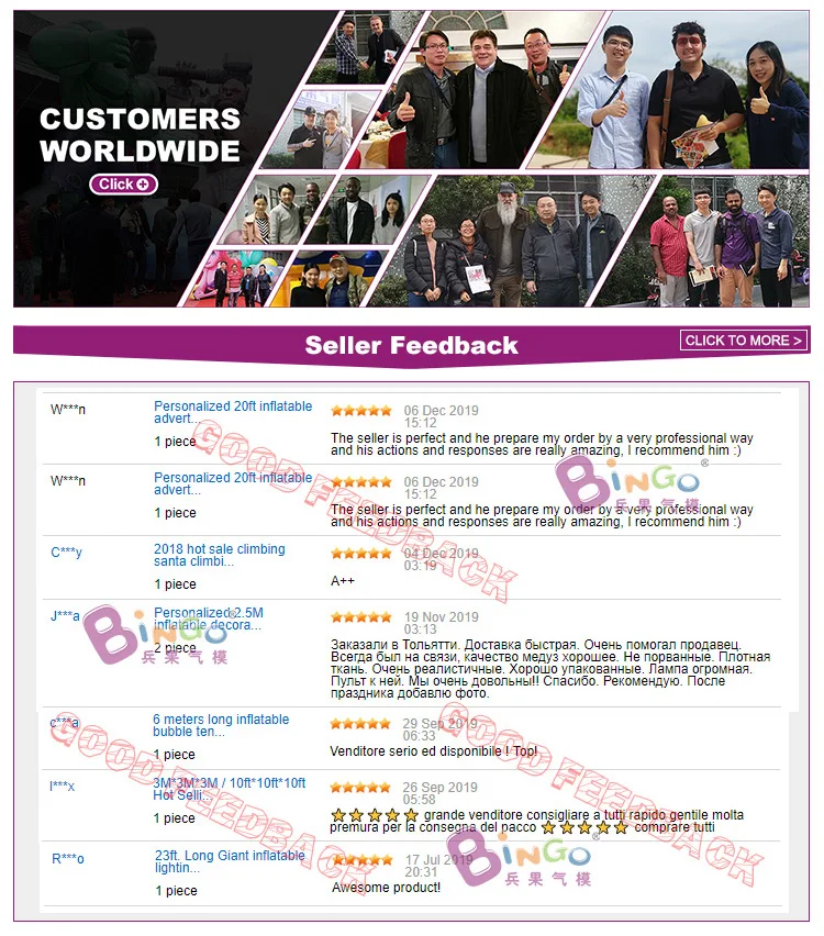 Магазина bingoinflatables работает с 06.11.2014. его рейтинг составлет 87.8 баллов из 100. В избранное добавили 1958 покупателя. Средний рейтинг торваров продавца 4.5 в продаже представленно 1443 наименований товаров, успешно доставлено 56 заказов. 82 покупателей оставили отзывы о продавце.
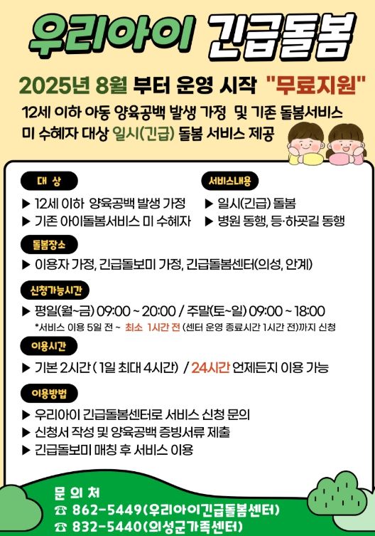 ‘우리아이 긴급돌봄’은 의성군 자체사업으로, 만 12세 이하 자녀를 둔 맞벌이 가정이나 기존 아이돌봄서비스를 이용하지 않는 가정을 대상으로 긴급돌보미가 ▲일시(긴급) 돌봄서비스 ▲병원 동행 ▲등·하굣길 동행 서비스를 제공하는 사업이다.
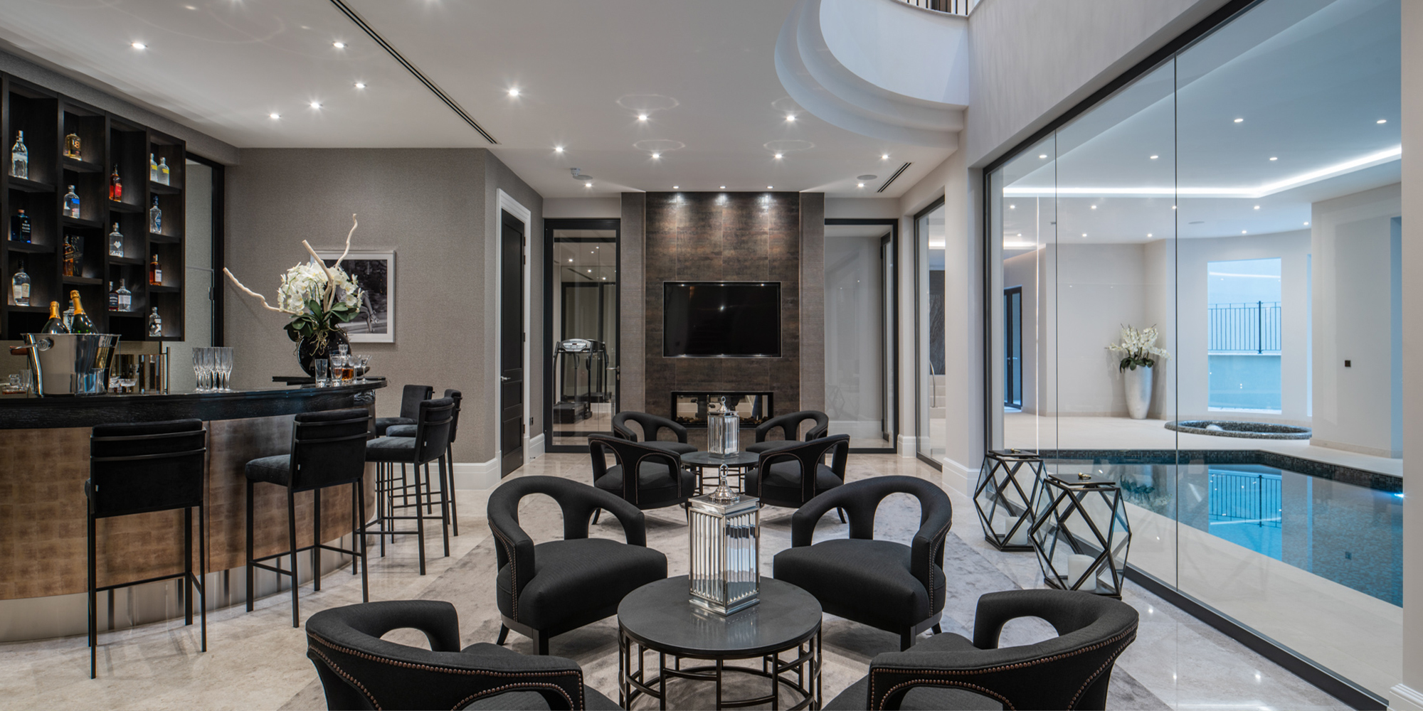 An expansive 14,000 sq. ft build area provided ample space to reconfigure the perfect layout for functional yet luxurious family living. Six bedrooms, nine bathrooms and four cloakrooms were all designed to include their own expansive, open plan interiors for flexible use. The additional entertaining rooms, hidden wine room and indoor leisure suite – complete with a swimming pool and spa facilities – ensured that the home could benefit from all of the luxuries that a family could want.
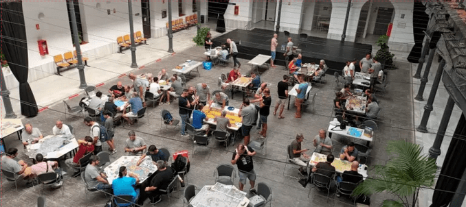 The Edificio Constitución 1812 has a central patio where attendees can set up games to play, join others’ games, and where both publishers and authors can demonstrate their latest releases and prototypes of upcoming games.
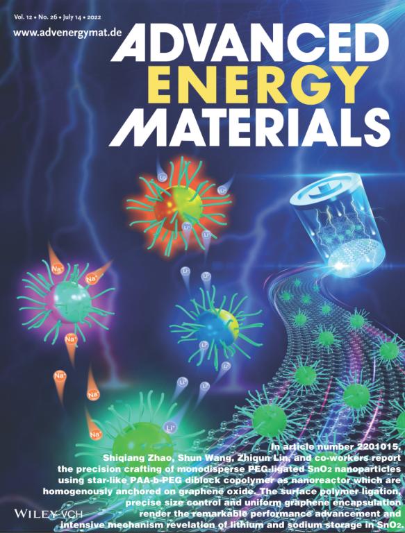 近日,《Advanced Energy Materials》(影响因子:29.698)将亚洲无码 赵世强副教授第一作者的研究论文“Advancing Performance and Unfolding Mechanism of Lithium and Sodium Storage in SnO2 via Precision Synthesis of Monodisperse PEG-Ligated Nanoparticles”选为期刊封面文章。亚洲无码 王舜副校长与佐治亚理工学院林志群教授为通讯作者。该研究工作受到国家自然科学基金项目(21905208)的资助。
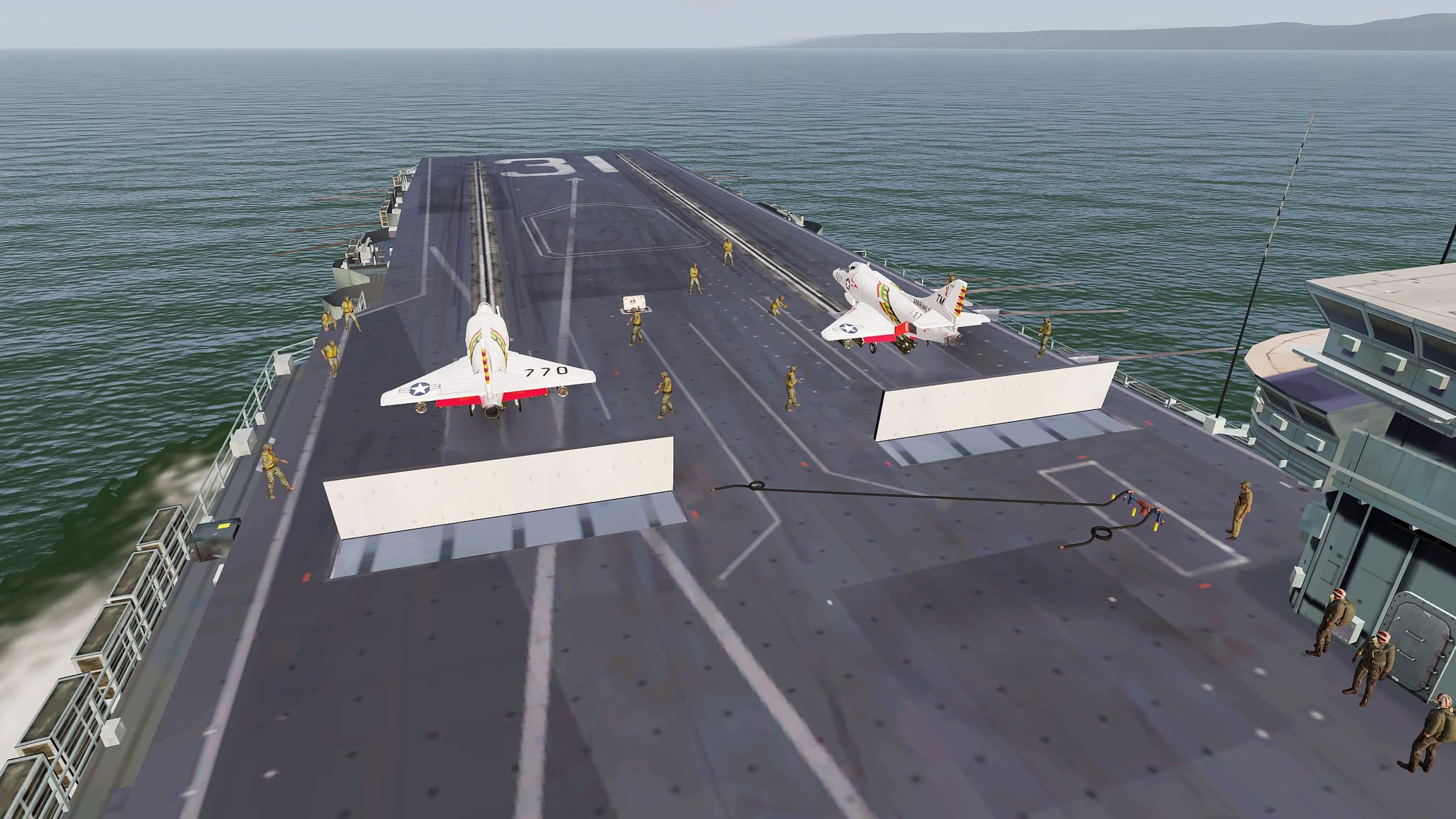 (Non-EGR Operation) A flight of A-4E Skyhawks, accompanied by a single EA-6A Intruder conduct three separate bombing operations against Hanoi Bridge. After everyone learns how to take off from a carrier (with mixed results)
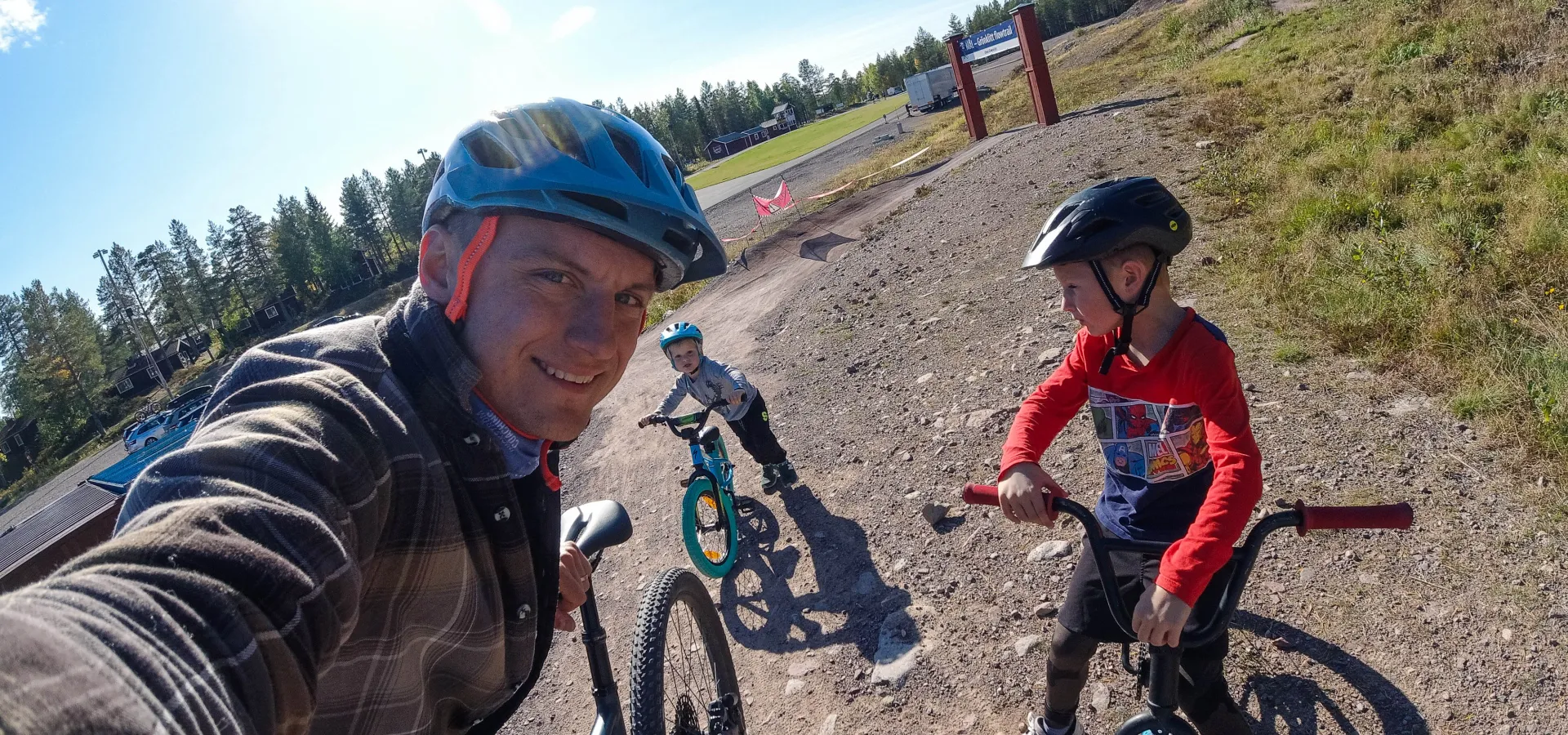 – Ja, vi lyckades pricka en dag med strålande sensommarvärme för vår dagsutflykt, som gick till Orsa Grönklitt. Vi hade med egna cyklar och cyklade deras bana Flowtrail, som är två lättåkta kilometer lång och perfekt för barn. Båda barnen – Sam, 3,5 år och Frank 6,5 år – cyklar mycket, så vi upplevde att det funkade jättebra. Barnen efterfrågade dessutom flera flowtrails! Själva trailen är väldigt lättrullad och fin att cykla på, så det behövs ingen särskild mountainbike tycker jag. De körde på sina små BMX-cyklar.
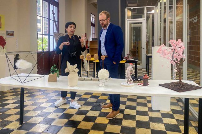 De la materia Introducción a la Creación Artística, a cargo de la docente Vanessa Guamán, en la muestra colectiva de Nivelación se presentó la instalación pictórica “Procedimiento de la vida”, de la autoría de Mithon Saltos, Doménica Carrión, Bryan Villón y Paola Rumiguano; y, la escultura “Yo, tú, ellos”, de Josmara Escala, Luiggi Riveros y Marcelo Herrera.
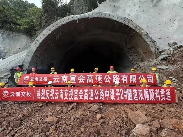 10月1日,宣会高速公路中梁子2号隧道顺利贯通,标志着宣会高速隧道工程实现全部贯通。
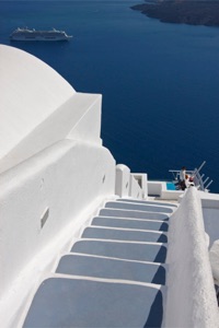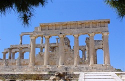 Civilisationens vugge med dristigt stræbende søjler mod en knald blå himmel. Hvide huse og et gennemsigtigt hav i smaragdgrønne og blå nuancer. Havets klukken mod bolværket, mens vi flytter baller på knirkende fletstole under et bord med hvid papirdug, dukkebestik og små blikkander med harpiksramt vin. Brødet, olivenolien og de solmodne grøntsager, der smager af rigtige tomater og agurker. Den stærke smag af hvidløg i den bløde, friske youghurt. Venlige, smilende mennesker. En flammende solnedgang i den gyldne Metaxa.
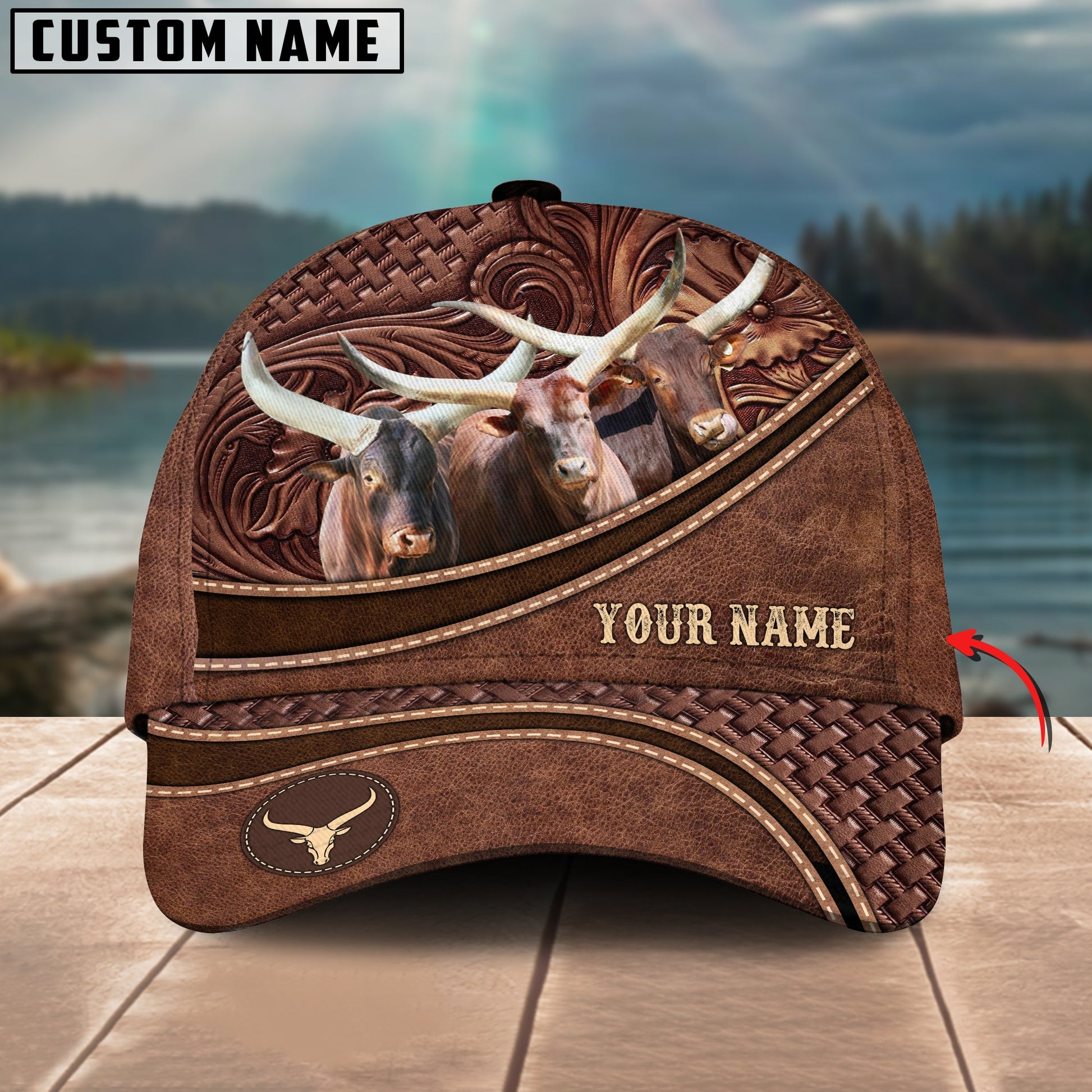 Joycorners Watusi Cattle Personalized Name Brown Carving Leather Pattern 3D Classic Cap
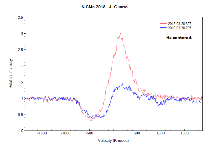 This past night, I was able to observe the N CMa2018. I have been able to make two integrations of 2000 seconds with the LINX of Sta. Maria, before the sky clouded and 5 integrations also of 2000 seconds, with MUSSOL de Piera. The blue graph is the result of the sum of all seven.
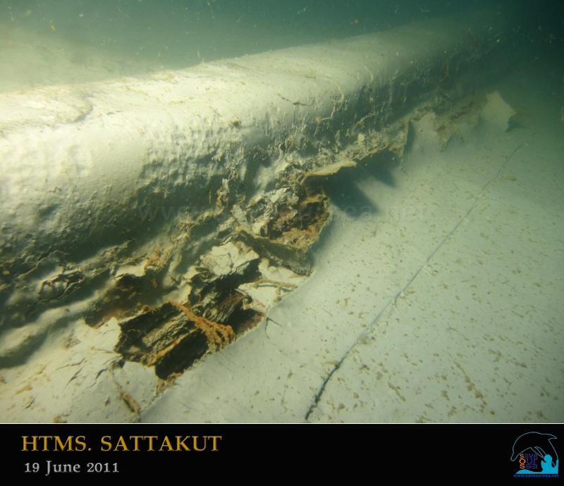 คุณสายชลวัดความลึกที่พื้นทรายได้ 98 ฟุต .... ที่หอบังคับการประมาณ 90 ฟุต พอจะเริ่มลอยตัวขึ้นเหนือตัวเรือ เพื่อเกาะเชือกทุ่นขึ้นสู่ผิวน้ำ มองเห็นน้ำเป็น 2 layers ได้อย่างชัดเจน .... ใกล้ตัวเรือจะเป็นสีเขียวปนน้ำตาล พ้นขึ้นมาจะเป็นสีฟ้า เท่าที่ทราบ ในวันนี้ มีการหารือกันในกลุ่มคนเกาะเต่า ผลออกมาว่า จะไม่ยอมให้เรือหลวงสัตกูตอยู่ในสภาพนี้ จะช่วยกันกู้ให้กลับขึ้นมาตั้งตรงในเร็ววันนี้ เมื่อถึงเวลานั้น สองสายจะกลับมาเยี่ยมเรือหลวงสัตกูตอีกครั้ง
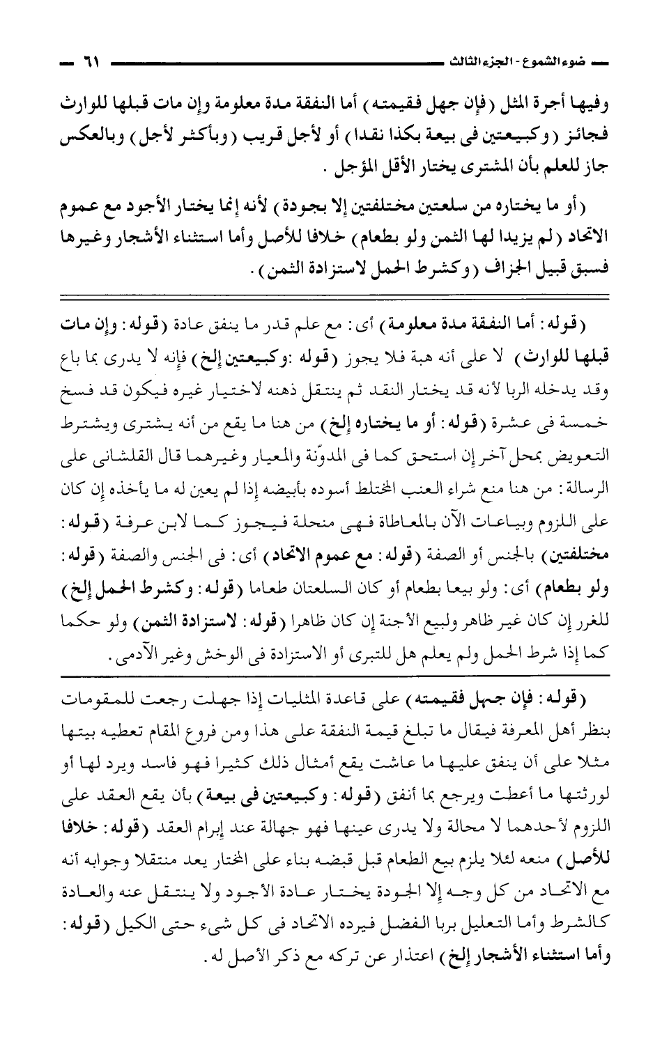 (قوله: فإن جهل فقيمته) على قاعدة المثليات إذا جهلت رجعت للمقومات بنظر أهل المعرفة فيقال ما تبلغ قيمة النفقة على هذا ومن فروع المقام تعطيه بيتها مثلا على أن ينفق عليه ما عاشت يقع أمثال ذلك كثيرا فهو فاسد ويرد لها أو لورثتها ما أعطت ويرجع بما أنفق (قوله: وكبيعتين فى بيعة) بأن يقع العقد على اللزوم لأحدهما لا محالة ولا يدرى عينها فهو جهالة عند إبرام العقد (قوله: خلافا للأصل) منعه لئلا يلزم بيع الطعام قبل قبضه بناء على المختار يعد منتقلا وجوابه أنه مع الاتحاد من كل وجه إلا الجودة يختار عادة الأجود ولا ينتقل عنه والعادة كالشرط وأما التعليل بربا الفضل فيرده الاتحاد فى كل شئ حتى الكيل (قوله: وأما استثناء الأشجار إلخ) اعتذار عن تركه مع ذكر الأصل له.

▶ **Exercise objective**
The line containing "(Non-EGR Operation) A" marks where the copy ends; print every line before it from the start of the records, and that line too, but no pictures.

▶ **Task result**
 Магазина bingoinflatables работает с 06.11.2014. его рейтинг составлет 87.8 баллов из 100. В избранное добавили 1958 покупателя. Средний рейтинг торваров продавца 4.5 в продаже представленно 1443 наименований товаров, успешно доставлено 56 заказов. 82 покупателей оставили отзывы о продавце.
 ‘우리아이 긴급돌봄’은 의성군 자체사업으로, 만 12세 이하 자녀를 둔 맞벌이 가정이나 기존 아이돌봄서비스를 이용하지 않는 가정을 대상으로 긴급돌보미가 ▲일시(긴급) 돌봄서비스 ▲병원 동행 ▲등·하굣길 동행 서비스를 제공하는 사업이다.
 An expansive 14,000 sq. ft build area provided ample space to reconfigure the perfect layout for functional yet luxurious family living. Six bedrooms, nine bathrooms and four cloakrooms were all designed to include their own expansive, open plan interiors for flexible use. The additional entertaining rooms, hidden wine room and indoor leisure suite – complete with a swimming pool and spa facilities – ensured that the home could benefit from all of the luxuries that a family could want.
 The Edificio Constitución 1812 has a central patio where attendees can set up games to play, join others’ games, and where both publishers and authors can demonstrate their latest releases and prototypes of upcoming games.
 近日,《Advanced Energy Materials》(影响因子:29.698)将亚洲无码 赵世强副教授第一作者的研究论文“Advancing Performance and Unfolding Mechanism of Lithium and Sodium Storage in SnO2 via Precision Synthesis of Monodisperse PEG-Ligated Nanoparticles”选为期刊封面文章。亚洲无码 王舜副校长与佐治亚理工学院林志群教授为通讯作者。该研究工作受到国家自然科学基金项目(21905208)的资助。
 (Non-EGR Operation) A flight of A-4E Skyhawks, accompanied by a single EA-6A Intruder conduct three separate bombing operations against Hanoi Bridge. After everyone learns how to take off from a carrier (with mixed results)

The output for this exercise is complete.